How this all answers your question

The fact that space is fast has a really important consequence for this discussion: when you tweak the position by a few dozen meters or tweak the speed by a few miles per hour or so, you generally are not going to crash the satellite into the Earth. Crashing into the Earth requires removing thousands of miles per hour of speed from that satellite's orbit. The nearby orbits are not circular orbits but elliptical orbits in the perfect-$1/r^2$-force-law model, so they may approach closer or further from Earth on one or the other side; these are called the satellite’s “perigee” and “apogee” respectively. They do not maintain a constant speed but rather a constant angular momentum $L = m v r,$ so as they get further from the Earth (higher $r$) they move slower and as they get closer they move faster.

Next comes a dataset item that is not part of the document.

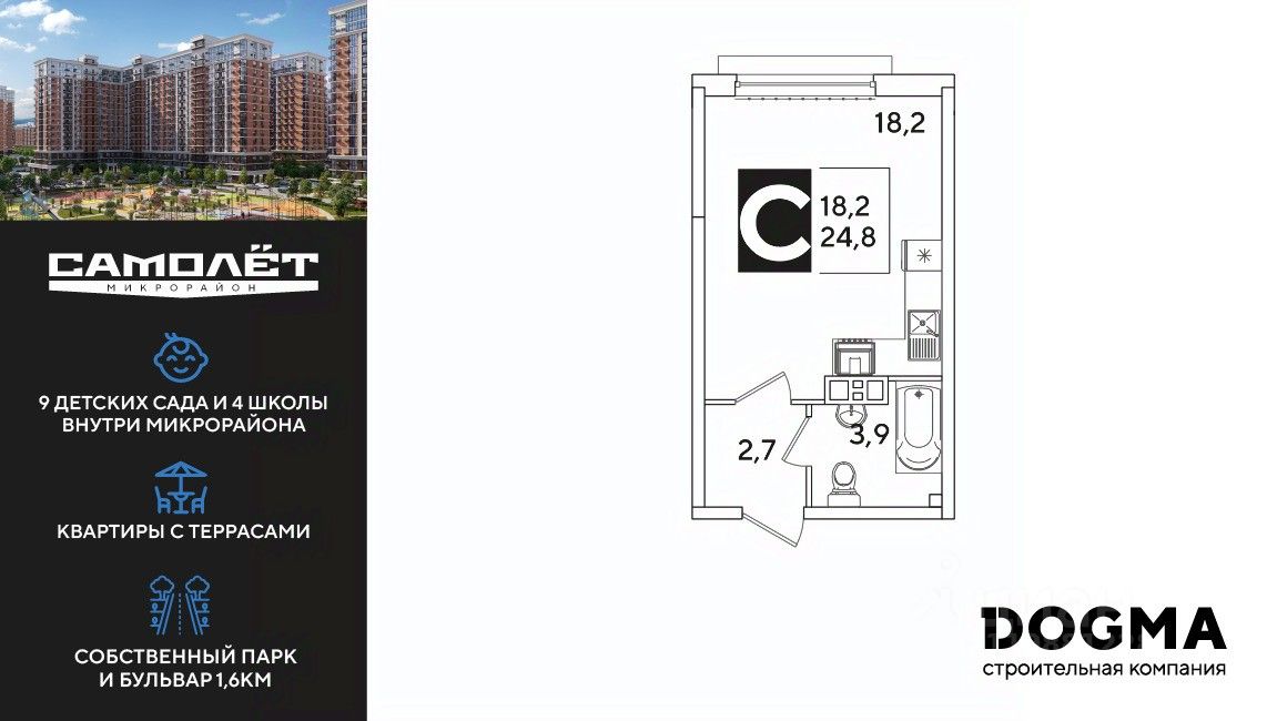 DOGMA - ТОП-3 застройщик по объему строительства в РФ. "САМОЛЁТ" — концептуальный жилой микрорайон, который расположен на северо-западе Краснодара, в районе Западного Обхода. Квартал спроектирован как "город в городе", поэтому здесь будет всё для комфортной жизни: современные дома с разными планировками, дороги, школы и детские сады, поликлиника, торговые центры, парки и аллеи. Микрорайон находится далеко от промышленных предприятий, сочетает удобство городской жизни и экологически благоприятную среду. Инфраструктура нового микрорайона: • 4 школы и 9 детских садов на территории микрорайона • Функциональные планировки • Собственный бульвар протяжённостью 1,6км • Светомузыкальный фонтан протяжённостью 55 метров • Амфитеатр • Парк 7 ГА • Скейт-парк • Детская аква-площадка • Круглосуточное видеонаблюдение и пост охраны Приобрести квартиру можно одним из способов: ипотека, рассрочка, наличный расчет.

But yes: eventually if they are perturbed enough, at their perigee they run into the Earth’s atmosphere which slows them down, and this causes their perigee the next orbit to be slightly lower which means that it hits more atmosphere and goes even slower, and so on, until it finally vaporizes from the heating of the air (or crashes into the earth if it is built in a way that it doesn't vaporize.)

In practice these drag forces can also motivate our satellites to have long-lived rockets on them and engage in station-keeping, which is an active coordination of rocket boosts designed to fix the difference between “where I am” and “where I want to be.” This can also be used on unstable orbits, in which case it is much like if I “help” my pen sit on its point by watching it very closely and whenever it starts to fall to one side I detect it extremely fast and give it a very precise “thwack” with my hand to knock it back up to the point of stability.

As a nice example of the latter, it turns out that the Earth-Sun system has several Lagrange points where the forces of the Sun and the Earth and the centrifugal aspects of co-orbiting the Sun with the Earth all balance out. The ones along the Earth-Sun axis are the “obvious” ones (of course, if the Earth pulls you one way and the Sun pulls you the other, at some point between them they should balance out and both be pulling you equally in either direction), but it turns out if you do the stability analysis you find out that these are unstable. (The ones on the far side of the Earth or the far side of the Sun are maybe less obvious, I will grant, but it's not too many equations to fall through to see that those must exist too.)

But, there are also two points, “ahead of us” and “behind us” by 60 degrees in the orbit respectively, which are stable. If you put a satellite there, it will stay there.

Think about why you might not want to put a satellite in such a position: There’s a lot of space dust in those spots! They are “vacuuming up” debris because they are stable. So you might prefer to do some active station-keeping to keep a satellite in one of these unstable positions: at least then you aren't running into space dust! This is becoming something of an issue for our current space environment, too: As we blast things off into orbit this region of phase space containing fast moving things in elliptical orbits that don't hit the atmosphere is progressively containing more and more junk, as the process by which things come out of this region of phase space is so slow. So we have to track all these little bits of space garbage and try to make sure that it doesn't hit our satellites—not fun!